■ What to produce ■
Leave the pictures out. Retype exactly the lines below from the one containing "アンティークシルバー フェザーピアス 赤 ジェットブラック No.481-A" through the one containing "EEE is rare", and no others.

■ Material to process ■
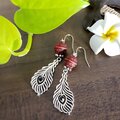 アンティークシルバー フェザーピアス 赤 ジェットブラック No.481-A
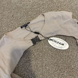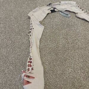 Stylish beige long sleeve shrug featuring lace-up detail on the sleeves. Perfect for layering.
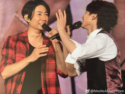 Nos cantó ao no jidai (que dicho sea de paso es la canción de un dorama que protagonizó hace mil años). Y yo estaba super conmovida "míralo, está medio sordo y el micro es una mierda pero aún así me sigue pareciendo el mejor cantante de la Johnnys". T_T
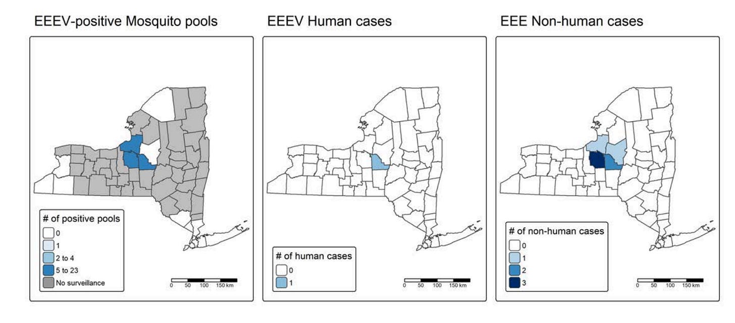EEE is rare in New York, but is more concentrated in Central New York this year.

--

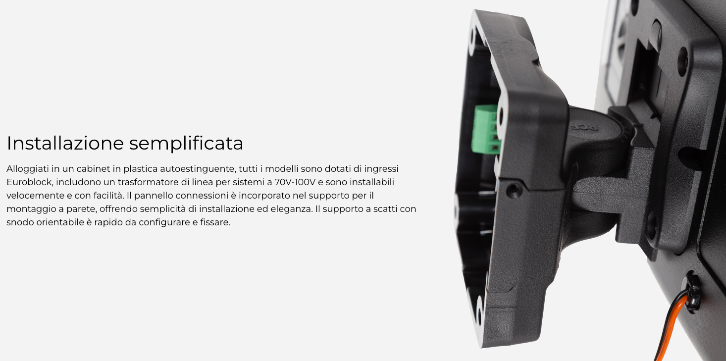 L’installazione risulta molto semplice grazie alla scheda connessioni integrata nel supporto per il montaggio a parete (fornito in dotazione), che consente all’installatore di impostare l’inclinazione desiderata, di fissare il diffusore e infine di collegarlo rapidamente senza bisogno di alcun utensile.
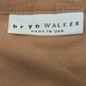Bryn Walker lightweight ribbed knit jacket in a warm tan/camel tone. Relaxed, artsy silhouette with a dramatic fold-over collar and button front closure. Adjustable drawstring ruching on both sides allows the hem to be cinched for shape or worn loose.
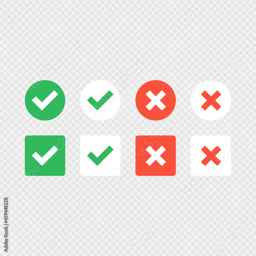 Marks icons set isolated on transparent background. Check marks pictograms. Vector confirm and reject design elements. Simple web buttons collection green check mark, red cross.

...

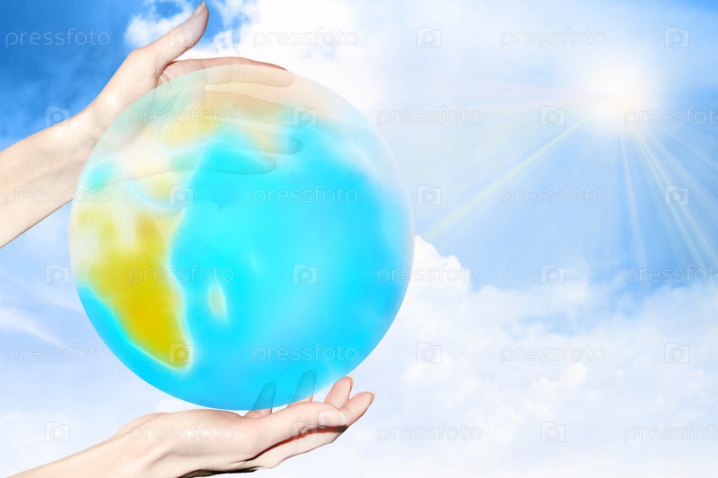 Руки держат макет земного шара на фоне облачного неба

■ Solution to this problem ■
 アンティークシルバー フェザーピアス 赤 ジェットブラック No.481-A
 Stylish beige long sleeve shrug featuring lace-up detail on the sleeves. Perfect for layering.
 Nos cantó ao no jidai (que dicho sea de paso es la canción de un dorama que protagonizó hace mil años). Y yo estaba super conmovida "míralo, está medio sordo y el micro es una mierda pero aún así me sigue pareciendo el mejor cantante de la Johnnys". T_T
EEE is rare in New York, but is more concentrated in Central New York this year.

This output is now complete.